Keywords

1 Introduction

In the middle of the 19th century, the invention of microscope made people can study on human fundamental biological processes at the cellular or organism level. Nowadays, computer-assisted automatic morphological analysis of cells and tissues from microscopy images, such as cell size, cell morphology, density of staining, and so on, are useful methods to reduce hand data recording and user’s errors for the detection and diagnosis of some diseases [1, 2] or some special vivo cell phenomenon [3]. But for cell microscopy images, problems remain for image segmentation, shape description and analysis, especially the automatic border detection of cell object boundaries as well as surface contours is still a difficult problem [4, 5]. All difficulties are due to the distinguishing qualities of microscopy imaging. It is known that:

  • There is a very low contrast in microscopy image, so that objectives are hard to be separated from background.

  • Cell edge in microscopy images is fuzzy and smooth, and moreover, cells may be contiguous and overlapped.

  • Noises such as salt and pepper noise, Gaussian white noise and remarkable electrical noise are worse than any other digital system.

  • Dust, little bubble, blink point, and blur may be zoomed in by microscopy views, so that cell images may be confused in microscopy images.

For the characters of microscopy images, numerous segmentation methods have, up to now, been proposed; their performances depend largely on the type of images to be processed and on the a priori knowledge relative to the object features. These methods can be roughly classified into several categories, according to the nature of handled features: threshold-based methods, contour-based methods, region-based methods, and methods based on the integration of these techniques.

The threshold-based methods [6, 7] try to separate pixels within or without cell bodies base on the histogram threshold of cell gray-scale. For example, double threshold way, minimum-error way, adaptive threshold way, Otsu way, and so on. Calculations are simple but poor quality images and complex backgrounds may affect the separation result.

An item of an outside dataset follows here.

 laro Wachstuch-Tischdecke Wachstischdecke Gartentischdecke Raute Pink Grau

The contour-based methods generally deal with the detection and localization of edge points by differential operators and associated regularization processes [810], Such as Laplacian operator, Sobel operator, LOG operator, Canny operator, and so on. But they often result in many unclosed frontiers, when they are applied to highly textured objects or weakly contrasted images. Recently, wavelets provide a powerful tool to let microscopy images be studied in nonlinear multiresolution [11, 12]. But, poor quality images and complex algorithms are still problems.

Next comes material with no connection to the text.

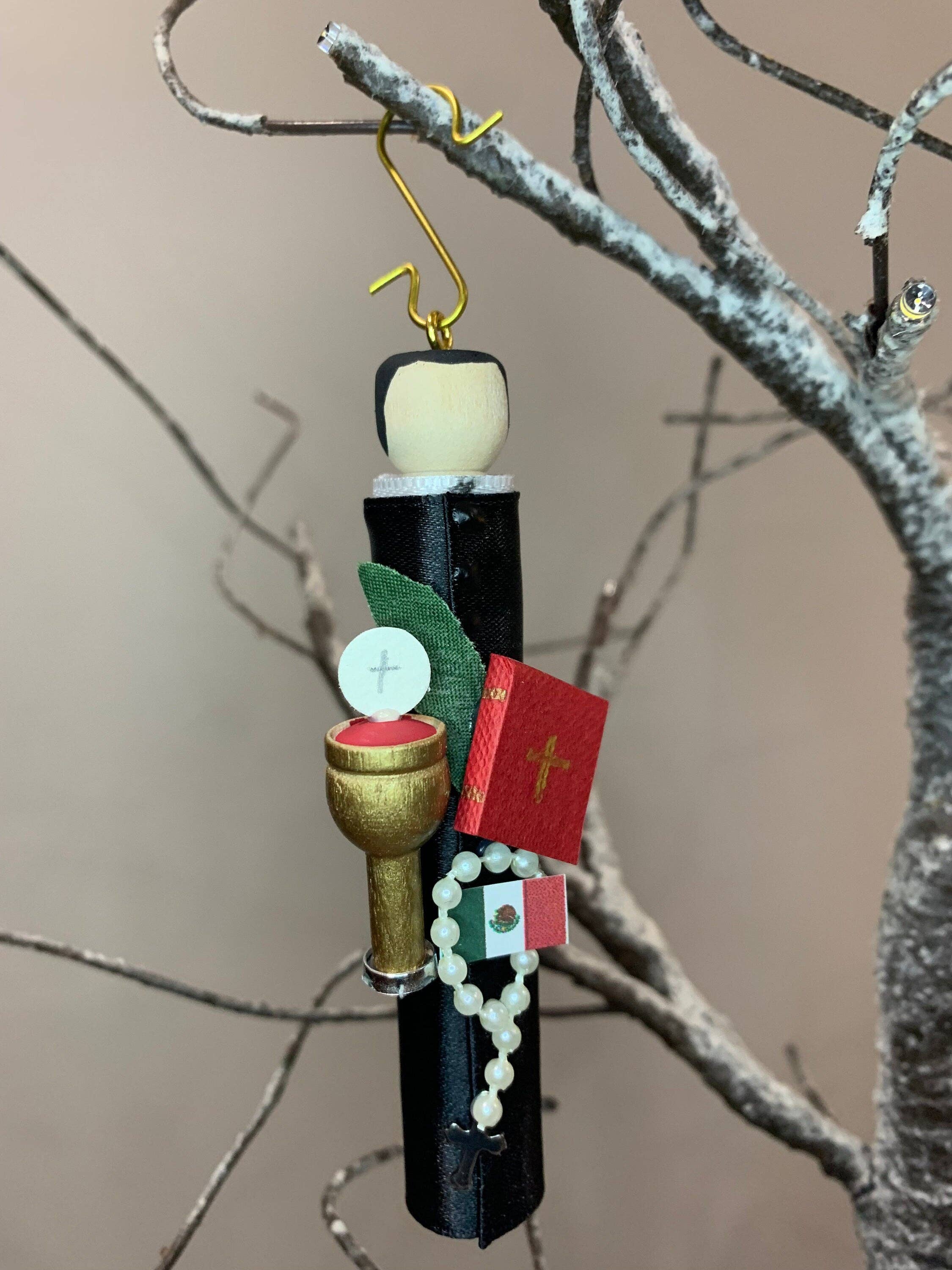 Håndlavet originalt ærværdigt Fulton Sheen trædukkeornament. Perfekt til juletræet. Bring ud på hans festdag eller til en Novena. Gave til en fødselsdag eller nadveren (dåb, første kommunion, konfirmation, hellige ordrer, ægteskab) fest. Lærer, præst, bedsteforældres gave. Han blev født i Illinois i 1895 og var en 8-årig alterdreng, da han efter at have droppet vinkruet ved en biskopsmesse fik at vide, at han en dag ville studere i Belgien og selv blive biskop. Han blev ordineret i 1919 og studerede i Belgien, før han underviste på Det katolske universitet i 23 år. Da han rejste rundt i USA, nåede hans oratoriske færdigheder ud over campus med ugentlige foredrag om The Catholic Radio Hour fra 1930-1950.

The region-based methods try to detect the areas sharing one or many homogeneity criteria [13, 14], for example, fuzzy C-means, K-means, Mean-Shift, and so on. But they often suffer from their poor localization of boundaries and from over-segmentation. Another interesting region-based technique is based on mathematical morphology [1517], which is a branch of image analysis based on algebraic, set-theoretic and geometric principles. It is particularly useful in providing basic building blocks to more sophisticated imaging applications. Using mathematical morphology, image is filtered to either preserve or remove features of interest, sizing transformations can be constructed, and information relating to shape, form and size can be easily applied.

Among the mixed methods, one has to mention the integration of two or more methods to conquer the shortage oneself. Integration of threshold and region growing algorithm [18], integration of active contours and mathematical morphology tools [19], integration of wavelet and mathematical morphology algorithm [20, 21], and so on, can perform well.

Our approach in this paper is based on the integration of a region-based method (mathematical morphology) and an active threshold-based method for low quality microscopy images (non-uniform illumination, low contrast, blur or faint image). We based our work on this technique because it is very fast and requires lower computing power. So the final system can run on a very poor computer system, even on an embedded computer-based (such as FPGA, DSP) mini system.

2 Basic Operations in Mathematical Morphology

Morphology processing is a nonlinear filter, its basic concept is to use construction element called as probe to search image information and do morphological transform according to requirement, and so it can be called as morphological filtering. The basic morphological operations are erosion and dilation. Based on them, some important combined operations, such as opening, closing, opening residue and closing residue are defined. They are described as following [15, 16].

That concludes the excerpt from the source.